In a simple processor, control unit 206 may be implemented with purely combinational logic to directly decode the opcode of the instruction into appropriately asserted control signals. However, in most current processors, a single instruction requires the processor to perform multiple operations, some of which may be performed in parallel. For example, the "ADD" instruction previously discussed might include the steps of processing the register values in arithmetic logic unit 201, updating program counter register 203, and fetching the next instruction. For those operations which may not be performed in parallel, control unit 206 typically contains a state machine implementation for asserting control signals during different timed states.
In some processor architectures, the control unit's state machine is implemented as a ROM-based microprogram that contains microinstructions corresponding to each state.

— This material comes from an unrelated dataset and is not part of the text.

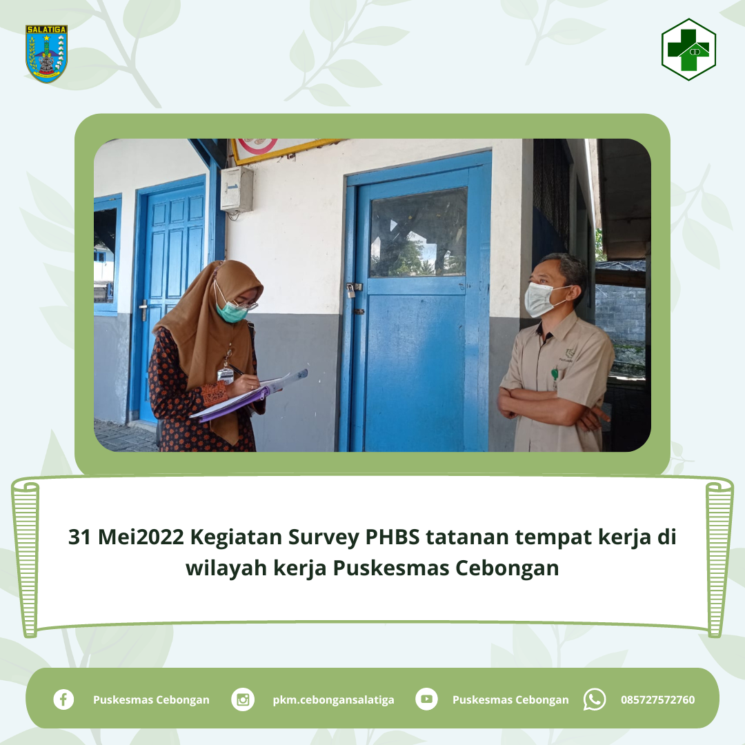 31 Mei 2022 kegiatan survey PHBS tatanan tempat kerja di wilayah kerja Puskesmas Cebongan.

Based on decoding of a program instruction, the microprogram jumps to routines or microinstruction sequences for carrying out the operations of specific program instructions. A separate program counter register in the control unit is used to step through the microinstructions, and each microinstruction is decoded to generate the appropriate control signals for the associated state.
The processor architecture described above is for purposes of example only. An embodiment of the invention may be implemented in any type of processor or processing environment, including virtual processors or virtual machines that implement context switching. The following is a general description of sample program instruction formats that may be implemented in a processor such as the embodiment of processor 200 previously described.
Program Instructions
Program instructions are provided in binary form, with different processor architectures having different instruction widths. An instruction typically comprises an operation code (or "opcode") bit-field and zero or more additional bit-fields. Examples of some possible instruction formats are illustrated as bit diagrams in Figure 4. Bit diagram 400 shows an instruction of width Y bits, having an opcode of X bits followed by a data field of (Y-X) bits. The sizes of the opcode bit-field and the data field may vary for different instructions within a processor architecture's instruction set. Also, the number and type of the data fields are in accordance with the defined instruction set of the processor architecture.

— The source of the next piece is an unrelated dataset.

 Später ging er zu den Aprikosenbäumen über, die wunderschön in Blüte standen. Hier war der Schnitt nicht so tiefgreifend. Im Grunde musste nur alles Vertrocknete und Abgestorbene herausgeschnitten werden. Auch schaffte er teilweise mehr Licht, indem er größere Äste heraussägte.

The opcode specifies the type of the instruction, such as a load, store, add, subtract, or jump instruction or variation thereof. The data field may be used to specify constant values, function flags and/ or address offsets for stack functions. The data field may also comprise several address fields (addresses 1-M), as shown in bit diagram 401. The address fields may specify source or destination address values for accessing the computing system's address space via buses 210 and 211, and/or the address fields may specify one or more source and/or destination register addresses for accessing the processor's register file 202.

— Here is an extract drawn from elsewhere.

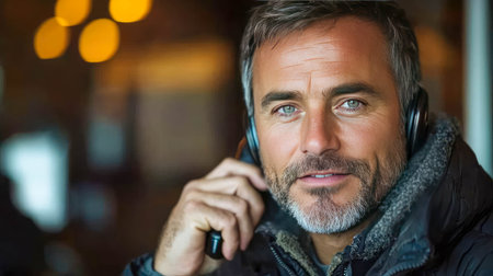 Close up side view portrait of a smiling handsome stylish mature man wearing a vest standing isolated over gray background, listening to music with earphones

Bit diagram 402 shows how an instruction specifying register operations with two source operands and one destination operand might be implemented in a 32-bit instruction, assuming that the processor has thirty-two addressable registers in its register file. The instruction contains an opcode field of seventeen or fewer bits to provide sufficient room for the source and destination operands. The opcode is followed by a first source operand (SRC 1), a second source operand (SRC 2) and a destination operand (DEST). The destination operand may be the same as one of the source operands if the instruction is operating on the values of two registers and placing the result back into one of those same registers. Each of the source and destination operands are five bits wide to permit any of registers 0 through 31 to be addressed. Many current computing systems are expanding to use 64-bit instructions, which allows for more and /or wider data fields. For register operations, a wider source or destination operand allows for addressing of a larger register file.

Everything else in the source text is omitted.